2.2. The ITS Catalog

The ITSC (consisting of two words: service and catalog [20]) is a structure that contains the list of ITSs offered by IT departments to provide direct assistance to other departments of the organization [21]. Figure 1 shows part of a standard technical ITSC, which can be considered an ITS reference catalog (ITSRC). This catalog consists of categories at the top, and each category groups a list of the possible ITSs in a given organization. In other words, the catalog services are logically grouped according to activity, giving rise to a defined set of services that the IT department provides to a business [10].

An ITSC presents an ITS that can be provided and supports customers/users. This influences the decisions that customers make regarding the IT help they require. The purpose of the ITSCM process is to ensure that this catalog is produced and maintained and that it contains accurate information on all operational services and those that are prepared to operate in an operational manner. Therefore, it is necessary to define the services and produce and maintain an accurate ITSC [18]. One of the most important processes for the construction of the ITSC is the identification of ITSs. This process is explained below.

2.2.1. The Process of Identifying ITSs

As mentioned above, in service engineering, the identification of services plays a fundamental role, since it establishes the basis for subsequent processes [5]. A study by Souza et al. [22] showed that the methods of analysis and the design of services aim to identify services and organize them into a manageable hierarchy of compound services to support the processes carried out by a company. These methods use different service identification techniques, which go from the top down (decomposition of the problem until the service level (SL) is reached), or downward (the composition of services in more general parts, to develop business processes) [23].

An important method for the identification of services was proposed by Lee et al. [24]. The methodology for the identification of services proposed contains four levels or stages: the level of business, the SL, the level of interaction, and the level of convergence.

• Business level: The objective of this level is to identify the final purpose of the system. At this level, it is assumed that the business requirements are given by an organization or a person who plays the role of business analyst.
• Service level: This level aims to identify the services that a system must provide an organization to meet the business requirements.
• Level of interaction: The level of interaction addresses the interactions between the system and its external entities, such as users and other systems. These interactions are necessary to achieve the services assigned to the system in the SL.
• Level of convergence: This level focuses on integrating the necessary technologies to provide the services that create a good “customer experience”. By integrating several technologies, they can add additional requirements that must be addressed from the point of view of the joint creation of values.

The process of identifying services can be varied. Even natural language was already used as a basis to perform this task. Indeed, the process of identifying ITS can use both the requests (text) of users (as stated by Kalia et al. [15]) and the incidents (text) that may arise during the development of the ITSM (as stated by Rosa et al. [16]) as inputs. However, both inputs are yet to be used together to build an ITSC automatically.

2.2.2. The Management of the ITSC

Often, ITSCs are established within ITSM tools that include two views of the ITSC [21]: technical and business.

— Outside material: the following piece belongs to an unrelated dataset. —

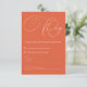 Este cartão de resposta RSVP lindamente projetado é o complemento perfeito para o conjunto de convites de casamento Verona Sunset. Com um fundo terracota quente e vibrante e uma elegante escrita branca, este cartão permite que seus convidados respondam facilmente, mantendo a estética romântica e coesa do seu casamento. É uma parte fundamental do seu conjunto de papelaria, garantindo um processo de planejamento suave e organizado.

For identification of the services that the IT area offers to its internal and external clients, a review of elements of the base infrastructure must be carried out. Based on subsequent revisions, an ITSC is built [25]. To start applying the ITSCM, organizations must begin with service identification, an activity that most organizations do not perform correctly. There are several types of information that should be included for all ITSs within an organization in the ITSC. This information includes service description, service type, policy, and service level agreement (SLA) [16]. Clients can use the ITSC to understand what service providers can do for them and to interact with the service provider to discuss those services. Users or individual consumers of a service can use the ITSC to understand the scope of the services available and to learn how to make service requests and/or report incidents associated with the services provided [17]. The ITSCM process is responsible for directing all catalog information and ensuring that the data are correct and up to date. Therefore, it is responsible for activities like defining, standardizing, refreshing, publishing, communicating, protecting, and ensuring the quality of an ITSC [21].

The activities for the identification of ITSs and the construction of the ITSC can be carried out automatically and precisely, including novel principles like text mining and machine learning, which offer improvements that could lead to the optimization of resources, which is precisely what is proposed in this paper.

2.3. IT Demand Management

Within an organization, whether public or private, it is necessary that the IT department properly manages the various requirements of their internal clients. This range of requests based on IT requirements is part of the “IT demand management”. According to Legner and Löhe [26], organizations convert their IT demands into IT solutions through multiple steps as follows:

• Collection and detention;
• Evaluation, prioritization, and planning;
• Specification and realization;
• Deployment and operation.

For Aguilar et al. [27], the importance of demand management lies in the achievement of benefits for the company, and, to achieve them, it is necessary that they take into account the life cycle of business demand. Therefore, the demand for IT products and services comes from the needs of the different business processes of the clients. These processes can be in the form of ideas, new well-founded business opportunities, delivery dates, costs, and benefits [28], because the demand for IT is very broad. These processes are classified differently in different IT portfolios so they can be managed in an appropriate way. One of these portfolios is the ITSP, as explained above.

3. Methodology

3.1. Guidelines for the Systematic Review of Literature

For the development of the systematic review of the literature in this investigation, we followed the guidelines set forth by Kitchenham and Charters [29], who determined three phases that must be followed:

• Review planning: In this phase, the review process is planned. Here, the research questions, search chains, inclusion and exclusion criteria, consultation sources, and the review protocol must be considered.
• Carrying out the review: In this phase, the process is developed, following the guidelines outlined in the planning phase. Primary studies are selected here in a methodical manner.
• Results of the review: In this phase, the results and analysis of the studies are shown.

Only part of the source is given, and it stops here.